----- Records to process

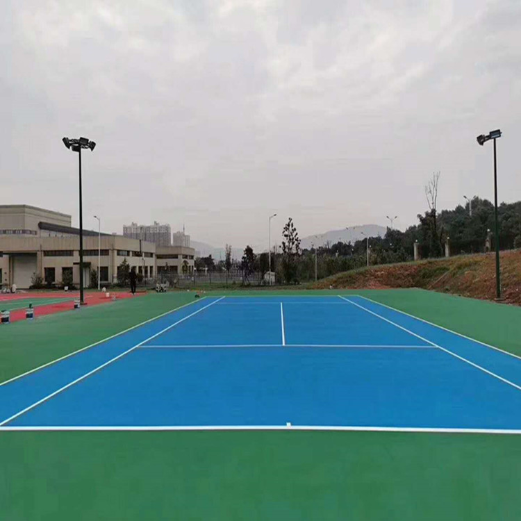 5、紋理層:丙烯酸調(diào)速料摻入丙烯酸色料后加水全場涂刮二層丙烯酸調(diào)速料是一種含石英砂丙烯酸乳液的混合物。使紋理表面濃厚并且耐久,提高調(diào)節(jié)球速及耐磨的功能。每層干透及養(yǎng)護需24小時。
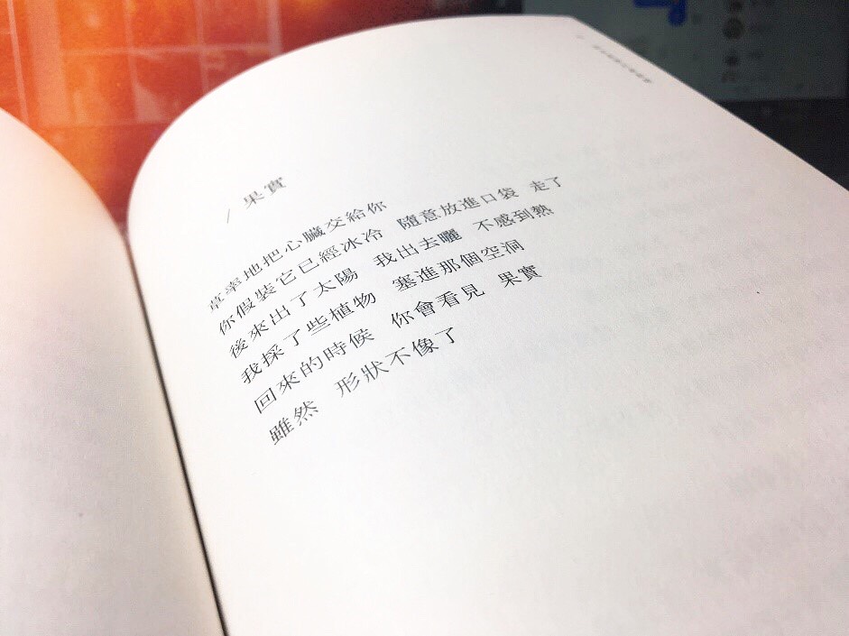 葉青也是這樣的,<果實>(節錄)裡面說:「草率地把心臟交給你/你假裝它已經冰冷/隨意放進口袋/走了/後來出了太陽/我出去曬/不感到熱」,詩集本身編排只有三行,卻講出了許多事情,讀者本身就會把自己帶入詩裡面,成為主角,而「把心臟交給你」,本身就是極為抽象的事情,卻又要假裝冰冷,與心臟的熱量有所衝突,這裡便是一個小撕裂;「我出去曬」與「不感到熱」兩者也相互衝突。
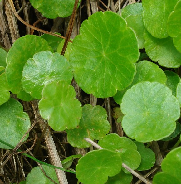 | Leaf | Leaves of Marsh pennywort are circular to kidney-shaped and have smooth margins. They are typically small, measuring around 2 to 5 centimeters (0.8 to 2 inches) in diameter. The leaves are held on long petioles, which attach them to the stems |
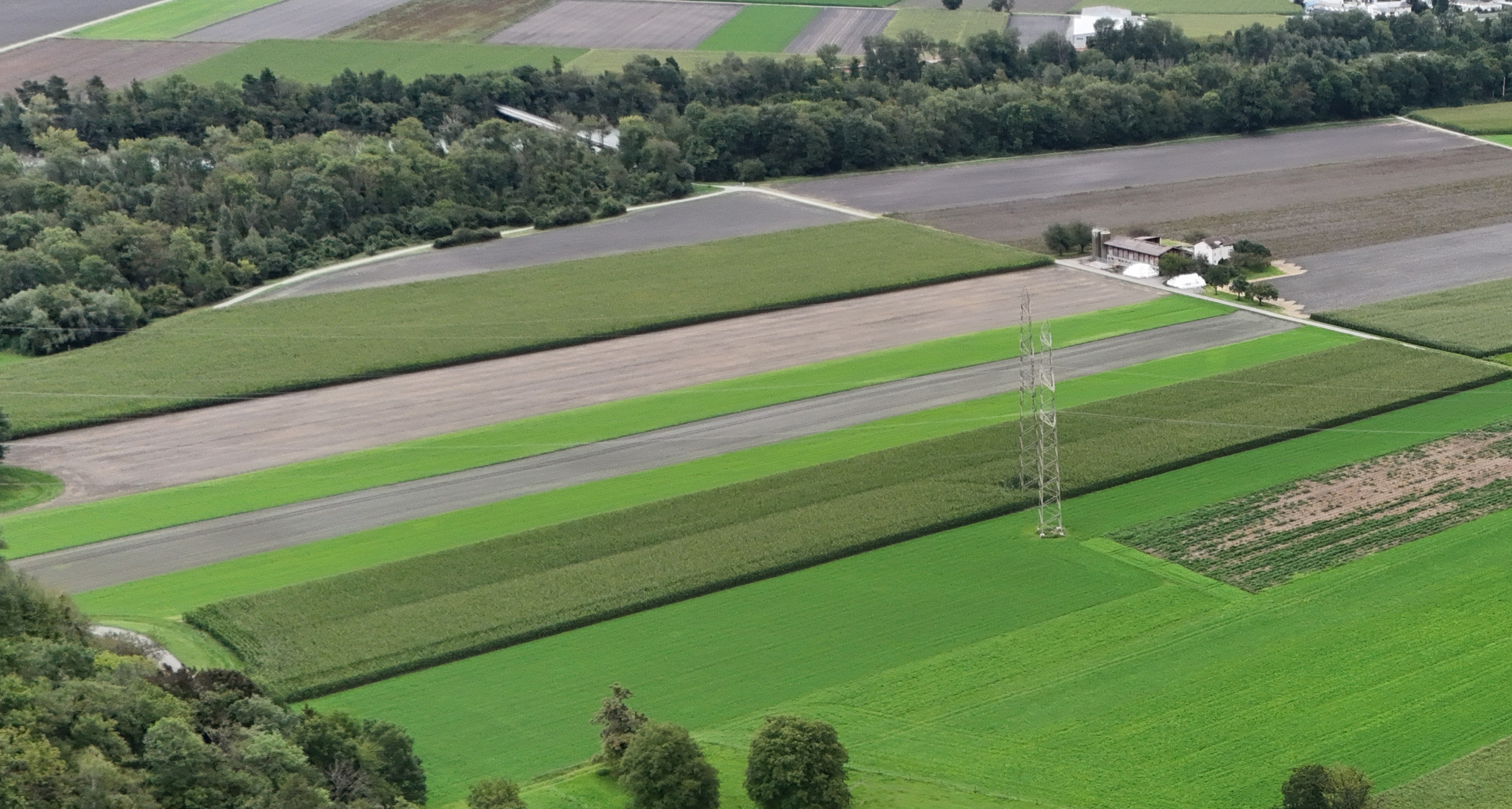 Ausschnitt aus einer Aufnahme von 1967 aus 3.711 m Höhe mit der Flur in der Bildmitte. Oben rechts im Bild die Oleodotto-Brücke über den Rhein. Eine der letzten…
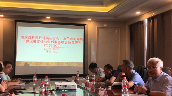 20217月26日下午,在九江学院濂溪宾馆会议室,依托洪定军副教授主持的国家自然科学基金地区项目“灰色市场环境下供应链定价与售后服务联合决策研究(71761020)”,召开项目进展及成果汇报研讨会。
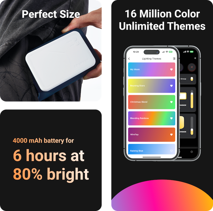 通过Moonside应用程序,你可以选择各种预设的动画照明效果。此外,你还可以自定义照明效果以满足你的特定需求。MagLight的定制可能性是无限的。

----------

The task>
Exact copy, pictures omitted: every line from the one holding "Ausschnitt aus einer" through the last line of the data above, and nothing else.

Written response>
 Ausschnitt aus einer Aufnahme von 1967 aus 3.711 m Höhe mit der Flur in der Bildmitte. Oben rechts im Bild die Oleodotto-Brücke über den Rhein. Eine der letzten…
 20217月26日下午,在九江学院濂溪宾馆会议室,依托洪定军副教授主持的国家自然科学基金地区项目“灰色市场环境下供应链定价与售后服务联合决策研究(71761020)”,召开项目进展及成果汇报研讨会。
 通过Moonside应用程序,你可以选择各种预设的动画照明效果。此外,你还可以自定义照明效果以满足你的特定需求。MagLight的定制可能性是无限的。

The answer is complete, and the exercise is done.